Obviamente, grande parte da transferência de votos deve-se ao actual presidente, à sua popularidade e às suas políticas públicas.

M.S. – Quem é o eleitorado de José Serra? É apenas o eleitorado tradicional do PSDB, ou há também descontentes de Lula?

M.S.B.- Não. Eu penso que os eleitores descontentes do Lula vão votar na Marina. A Marina é o terceiro nome, a nossa terceira via. Ela é que tem crescido nas sondagens, despontou de há um mês para cá. O candidato do PSDB, José Serra, mantem-se estável, está mesmo a perder votos.

M.S. – O curioso é que, a nível internacional, identificamos sempre o Lula com uma determinada política ecologista, com a defesa do Ambiente. Porque é que no próprio país, no Brasil, é uma candidata dissidente do PT que incarna esta tendência? E a ecologia é uma tendência crescente?

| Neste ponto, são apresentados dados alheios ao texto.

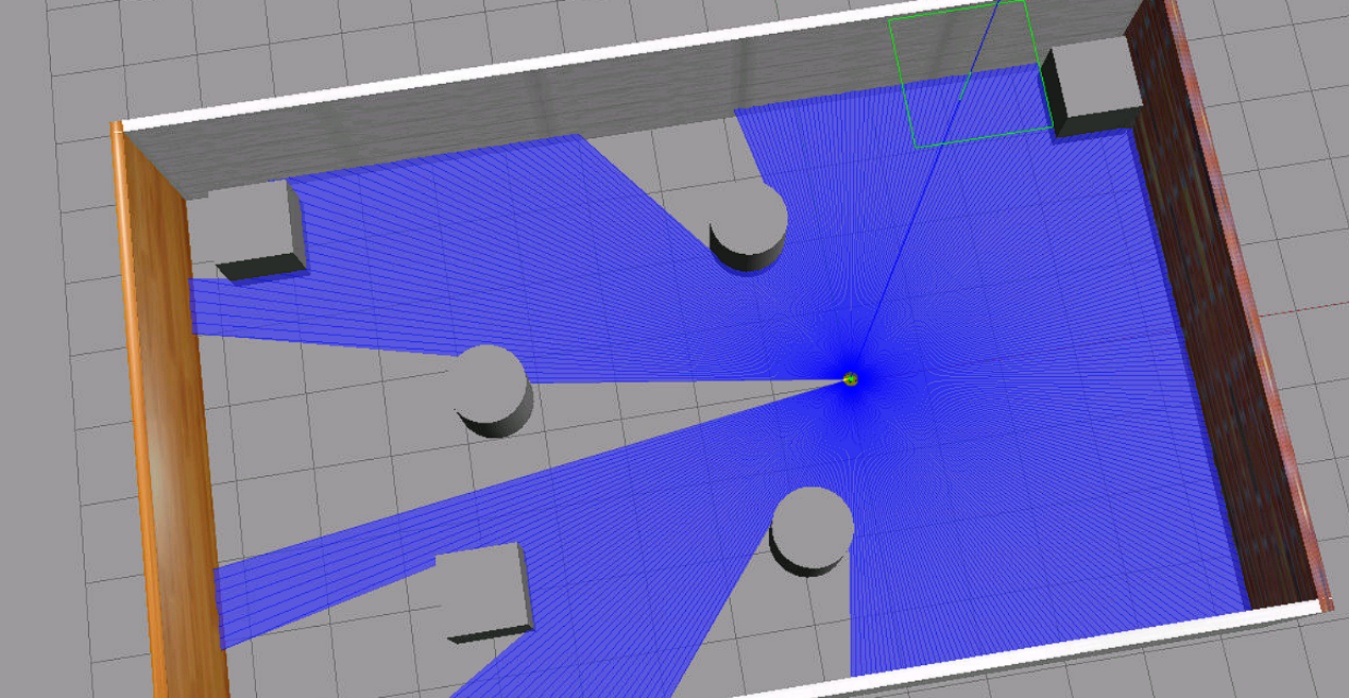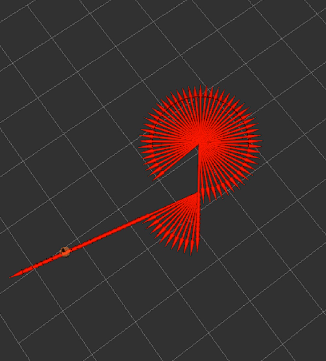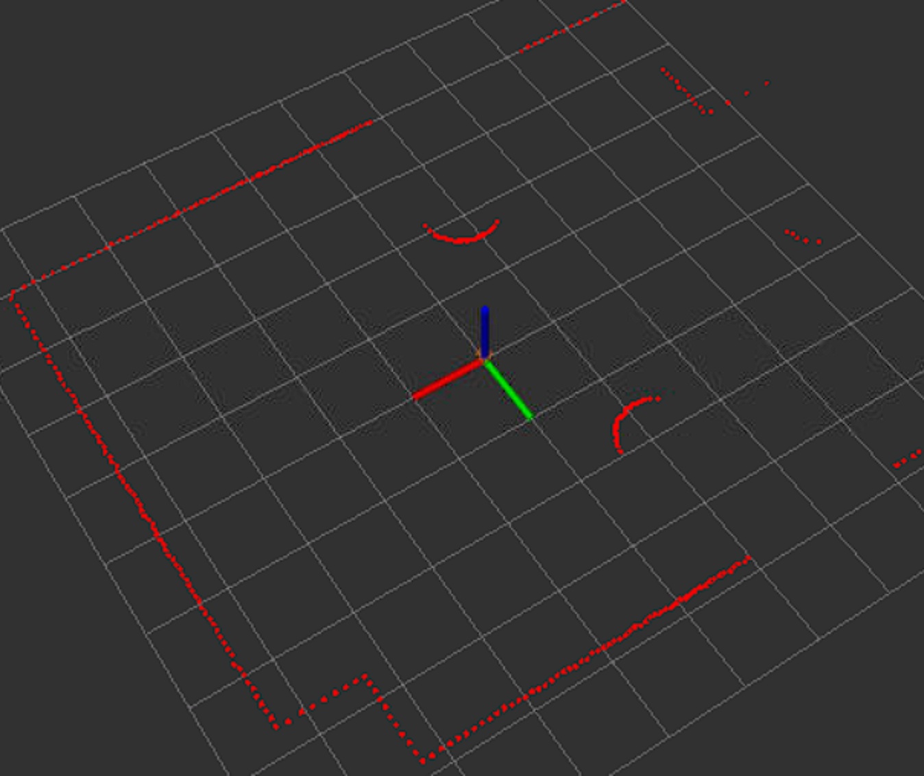 最终,学生可以在Rviz的可视化界面中,观察到激光雷达所“看到”的世界:环境信息被转化为由大量离散点构成的二维或三维轮廓图。这一从Gazebo中的“光束探测”到Rviz中的“轮廓再现”的完整数据流,清晰地揭示了从物理模拟到数据可视化的全过程。Gazebo中机器人发出的可视化雷达光束效果如图3所示,而在Rviz中显示的最终环境轮廓信息则如图4所示。
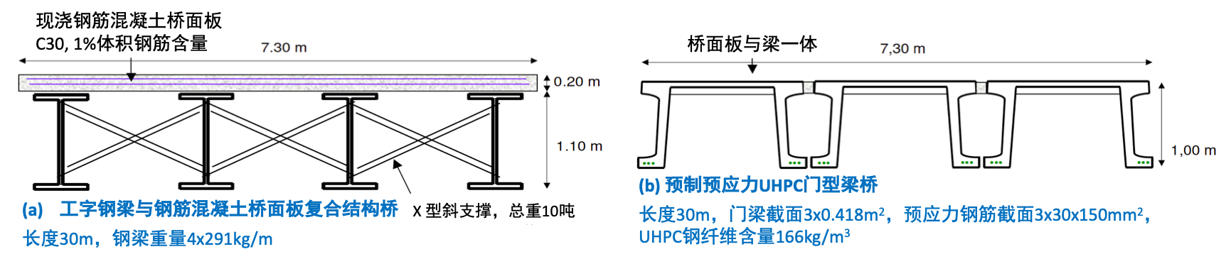 图5-4:北美常用钢-RC梁桥和新型先张预应力P型UHPC梁桥上部结构 [7]
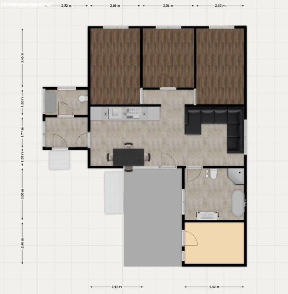 födémes, stukatoros.A szobákban hajópadló párnafákon, a többi helyiség
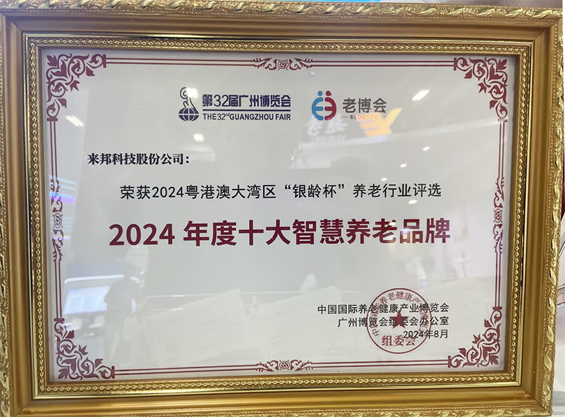 此屆,主辦方同期設置了中國養(yǎng)老掌門人暨粵港澳大灣區(qū)“銀齡杯” 頒獎活動(頒獎典禮將于2024年8月25日如期舉行)。來邦憑借自主核心技術,以及在智慧養(yǎng)老領域的創(chuàng)新和優(yōu)異突出表現等順利入圍,再度蟬聯“2024年度十大智慧養(yǎng)老品牌”和“中國養(yǎng)老掌門人”榮譽稱號!
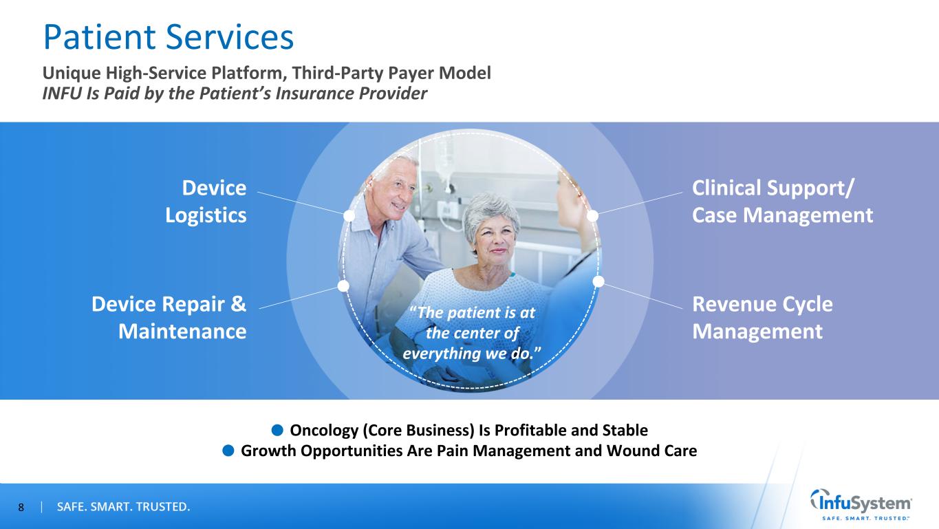 Patient Services • 800+ national payer contracts covering over 96% of U.S. population • Focused and scalable revenue cycle management team • 24/7 clinical hotline • Device agnostic Device Solutions • White Glove Concierge approach • 7 facilities serving U.S. and Canada • More than 200 biomedical technicians • Extensive repair capabilities and expertise • ISO 9001/13485 certified Competitive Advantages • Significant Barriers to Entry in Patient Services • Service-Based Competitive Advantages in Device Solutions 7
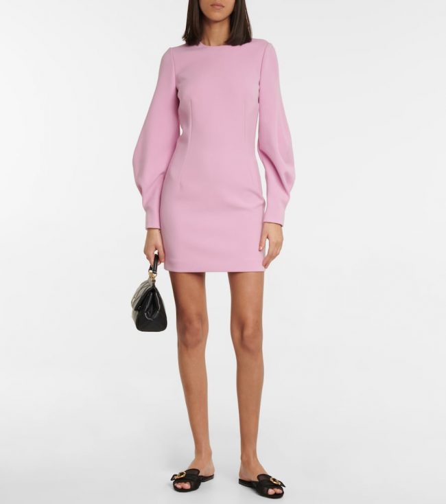 This minidress from Dolce & Gabbana is ideal for daytime summer events. It has a structured fit defined by slightly voluminous sleeves, a flattering cinched waist, and dart detailing.
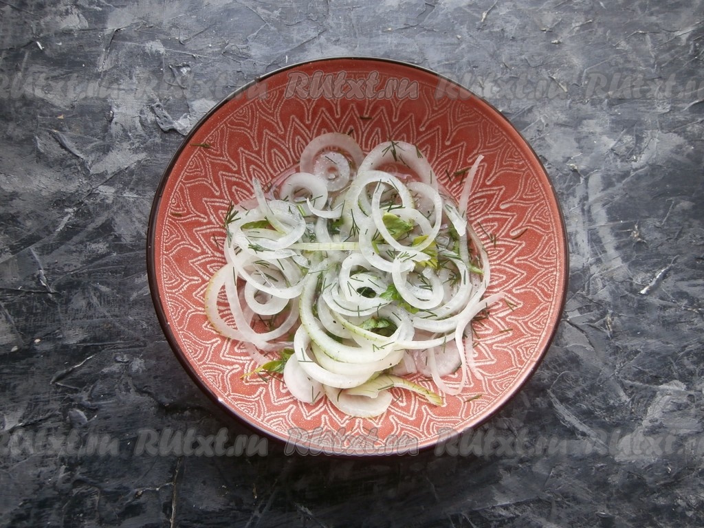 Тщательно перемешать и оставить лук на 15 минут (или больше).

M.S.B. – Essa é uma preocupação mundial, dado os problemas existentes com a própria sociedade capitalista e o efeito estufa… é uma preocupação internacional global, ultrapassa as barreiras dos países.
O governo “petista” (do Partido dos Trabalhadores com Lula da Silva) teve, em parte, essa preocupação. É um dos projectos do programa do governo, inclusive de Dilma, a candidata deste partido.

Mas a candidata Marina foi para um partido, o PV, que tem como principal objectivo resolver a questão ambiental com desenvolvimento sustentável em relação às florestas.

Desde que se apresentou, pela primeira vez, como candidata a um cargo público, sempre defendeu as questões da floresta, ambientais, ecológicas. Quando saiu do governo levou-as com ela para o partido pelo qual se candidata.